Each memory module has a reserved chunk of memory dedicated for logging. Given that the logging area is large enough to hold all log entries during a checkpoint (which is easy to enforce, because if the area ia about to overflow, the directory controller just starts a new checkpoint), only two logging areas are needed: One to hold the most recent checkpoint, and another to hold the next incoming checkpoint. A pointer in a known hardware location indicates which checkpoint is the most recent one. After a new checkpoint is made, the controller atomically updates this pointer to point to the current logging area. The other logging area is implicitly garbage collected.

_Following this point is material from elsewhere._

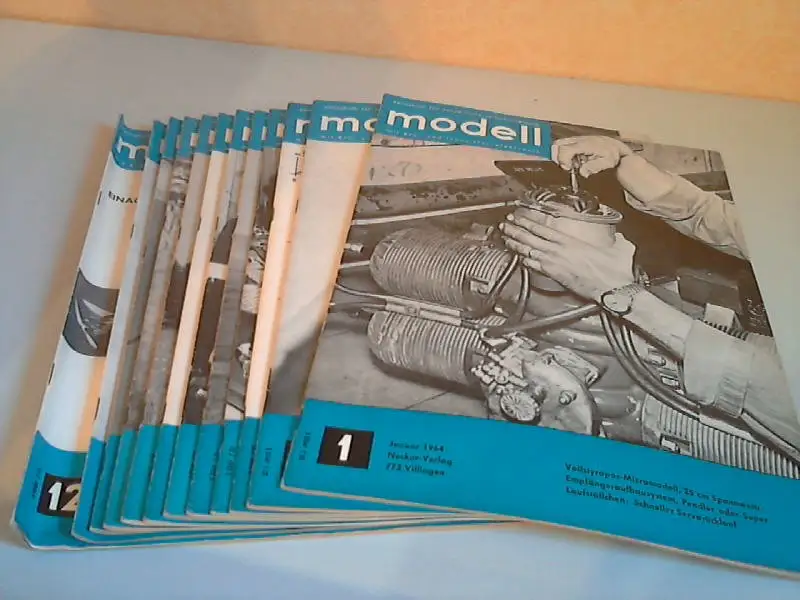 alle 12 Hefte sind altersbedingt in einem gutem, gebrauchten Zustand, »modell« ist die deutschsprachige Monatsschrift für Funksteuerung, den Fortschritt im Modellbau und der Elektronik im Selbstbau. Unter anderem aus den Inhalten: Vollstyro R/C Micromodell, 25 cm Spannweite - Laufställchen: Schneller Servorücklauf - Empfängeraufbausystem, Pendler oder Super - Der Metz-Super - 24 Fuktionen im Schnellboot - Akku-Ladegerät - Profile, mal anders betrachtet - R/C-Schwimmauto mit Bauplan - Sender-Antennen, massung und Oberwellen -Die Nadilaufmaschine - R/C-Wasserzwerge - Dezi-Sender - Elektronischer 2-Kanla-Propgeber - Graupner-Grundig-Superhet - Bauplan R/ C-Zollmotorboot - Fotoelektrischer Drehzahlmesser - Bayr. Meisterschaften Thannhausen - Einkanal-proportional für Plastikmodelle - Foto -elektronisdie Schaltungen - Strahltriebwerk für Flugmodelle - Abhörempfänger Mittelwelle / Kurzwelle - Funktionserweiterung GRUNDIG 8-Kanal - Wasserflug-Mövenpokal 1964 - „Cherie", Erfahrungen und Tips - Eisbrecher 1:100 - Deutsche R/C-Meisterschaften - Mehrkanal-Polizeiboot "Blitz" - Kontroll-Sender für das Fernsteuerlabor - 14-Kanal-Simulator-Roboter - Universalempfänger mit Steckeinheiten - Elektrischer Anlasser für Flugmodelle - R/ C-Segler K 10 - Silizium-Sender mit Multiplex-Modulation - Labor--Sinusgenerator 300 Hz bis 16 kHz - "Falcon 56", dressierter Mehrkanaler - Meßpraxis: Tongenerator und Röhrenvoltmeter Beschreibung vom Antiquariat Ardelt 3a6a Antiquariat Ardelt

To avoid excessive logging, i.e. multiple log entries being generated for the same address in the same execution, which is entirely unnecessary because undo logging only needs the first image, the directory controller also allocates one bit for each page. The bit is set every time a log entry is generated for the page, and cleared when a new checkpoint is made. If the bit is on when a memory modification operation is detected, the directory controller simply ignores the request, since an undo image is already present.

On recovery, the recovery handler first restores the logging area using parity pages. It then walks log entries one by one, and attempts to restore the page using the undo image. If, however, the page to be restored it inaccessible, the handler will then use the parity page and remaining data pages to fix it. After all pages are restored, the recovery handler instructs all processors to load their execution context from the logging area. In the last step of recovery, the directory controller waits for all processors to be ready, after which it sends a signal to resume normal execution.